On a fluke, I attended a Barack Obama rally in Oakland back in 2006. The affable senator from Illinois was not yet running for president, but he drew an impressive crowd.

Obama was magnetic. His audience was electrified.

I left that day filled with incredible hope. That feeling carried forward into the 2008 presidential campaign, with the word “HOPE” emblazoned in capital letters on posters hung in windows and planted in lawns across the land. Many downplayed my early support, claiming Obama’s time had not yet come. They were proved wrong that November.

This Friday, as our nation ushers in its 45th president, it is the perfect time to reflect on the past eight years of a historic presidency. Let’s applaud the legacy of success of President Obama.

Immediately upon taking the helm, President Obama was tasked with the enormous challenge of an economy in dire straits. Not since the Great Depression eight decades earlier had things seemed so shaky. It was time to act with resolve.

One core piece of President Obama’s economic strategy was the initiation of a set of place-based programs and funding to redefine how low-income neighborhoods fight poverty.
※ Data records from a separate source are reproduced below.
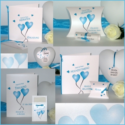 Angesagte Tischkarten mit dem Namen des Gastes und dem süßen Design aus Herzballons in türkis. Sie sind zudem noch raffiniert als Aufsteller gefertigt, in den Sie Hochzeitsmandeln oder ein kleines Gastgeschenk legen können. An den Aufstellern ist eine kleine Schleife befestigt. Sie komplettiert den trendigen Look.
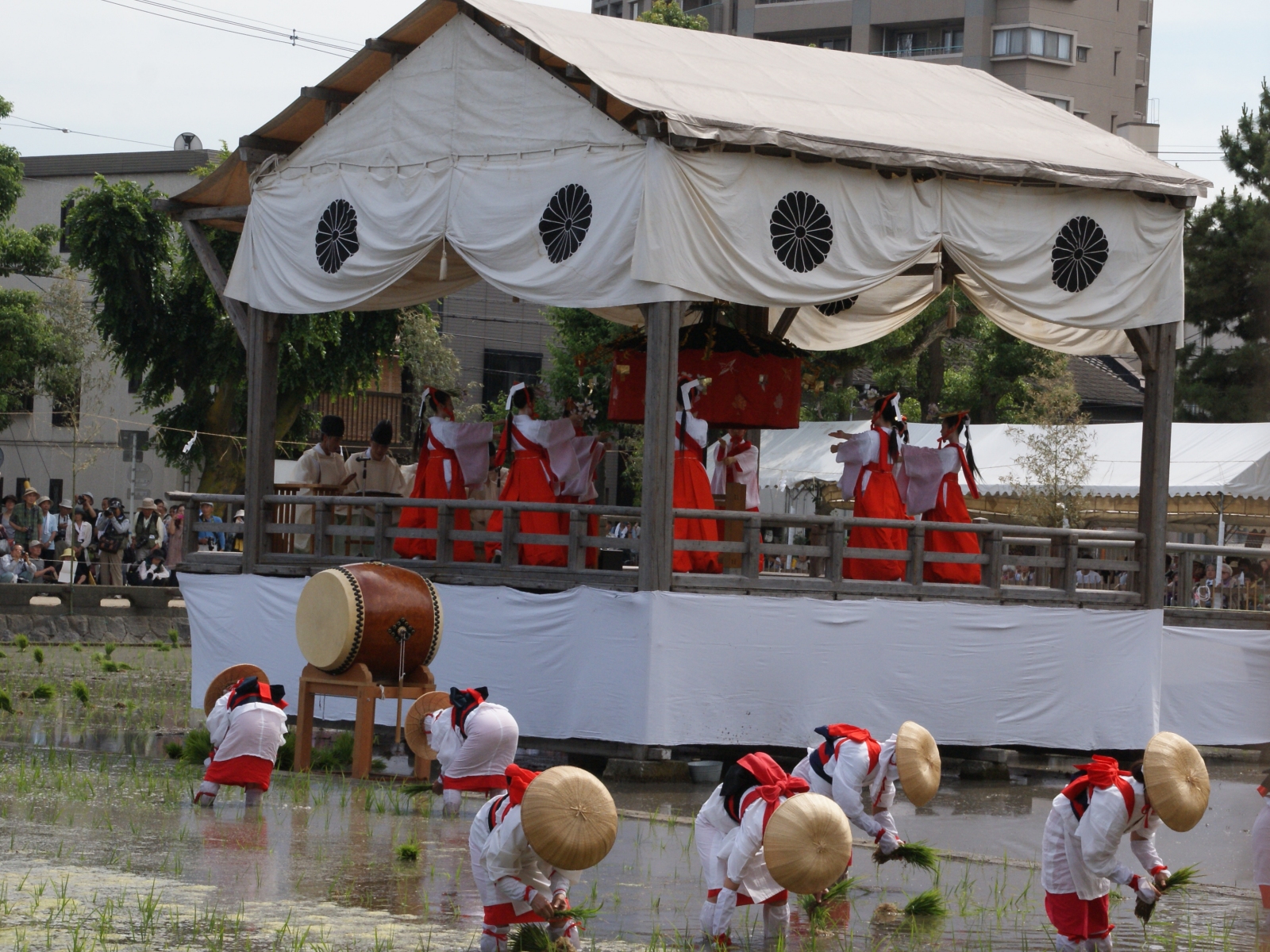 御田に辿りつくと神職が田を祓い清め、耕作長にあたる大田主(おおたぬし)が田に御神水を注いでから、「斎牛(さいぎゅう)」と呼ばれる神聖な牛が、御田の代掻きを奉仕、そこでやっと植女と替植女たちによる田植えが始まる。田植え開始とほぼ同時に、御田の真ん中に組まれた櫓の上では、住吉大社の神楽女8人で構成される「八乙女」たちによる田舞が、次いで御稔女による龍神の舞が舞われる。そして畔では侍大将に扮した男たちが表裏金銀、日の丸の軍扇をかかげ、月明りに見立てて威武を示す「風流」の所作を行い、紅白の雑兵たちが棒打合戦の演技をする。棒を打ち鳴らすのは、田んぼから害虫を追い出す「虫追い」の意味もあるのだとか。そして地元小学生の少女たちが扮する早乙女により、往古から農民の間で謡い継がれてきた田植歌と田植え踊りが奉仕される。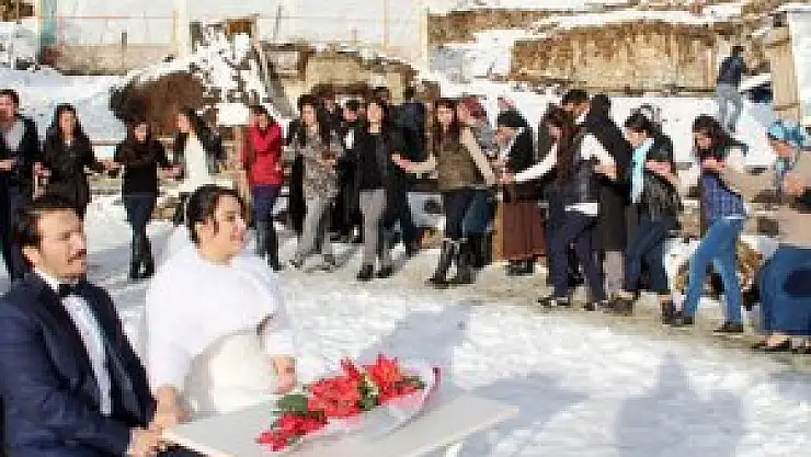 Kır düğünü yerine kar düğünü yaptılar

These programs — Promise Neighborhoods, Choice Neighborhoods and Promise Zones — have created a model for achieving results. This model needs to carry on.

As the director of San Francisco’s Mission Promise Neighborhood, which is one of 18 federally funded Promise Neighborhood implementation sites, I know firsthand the continued need for such an innovative,  place-based initiative. The Mission District is San Francisco’s historically Latino, immigrant community, overflowing with the promise of a better future for the young families and children living in the neighborhood. Sadly, it was once all too often the case that our families’ aspirations were not coupled with tangible prospects.

The Mission Promise Neighborhood has been changing that reality … block by block, family by family, student by student.

In just four years, we have seen graduation rates at our target high school increase by 10 percent (now 78 percent), nearly reaching the average for San Francisco Unified School District (SFUSD) as a whole. Our middle school is now deemed one of the most improved and sought after in the district. At the elementary level, last year both of our target schools had major gains in third- and fifth-grade English Language Arts proficiency — a true high point.  Our schools have also seen major increases in attendance, accompanied by decreases in chronic absenteeism and expulsions.

These improvements have been possible because of President Obama’s vision of a whole-community, results-focused approach.

Perhaps President Obama’s greatest legacy is that there are now hundreds of thousands of parents, students and community leaders who have forever been impacted by the investments he pushed forward. Families are gaining momentum, working in new ways to ensure every child receives impactful schooling, with the opportunity for a post-secondary education. This translates to success on so many levels.

Thank you, President Obama, for having the foresight and courage to tackle neighborhood poverty as a way to strengthen our communities. Your legacy will live on through the creation and sustainability of Promise Neighborhoods, Choice Neighborhoods and Promise Zones. The seeds have been planted, and now is our time to scale and strengthen the cradle-to-college-to-career pipeline that is already working in so many neighborhoods across the country. Our nation’s future depends on it.

Let’s keep “HOPE” alive.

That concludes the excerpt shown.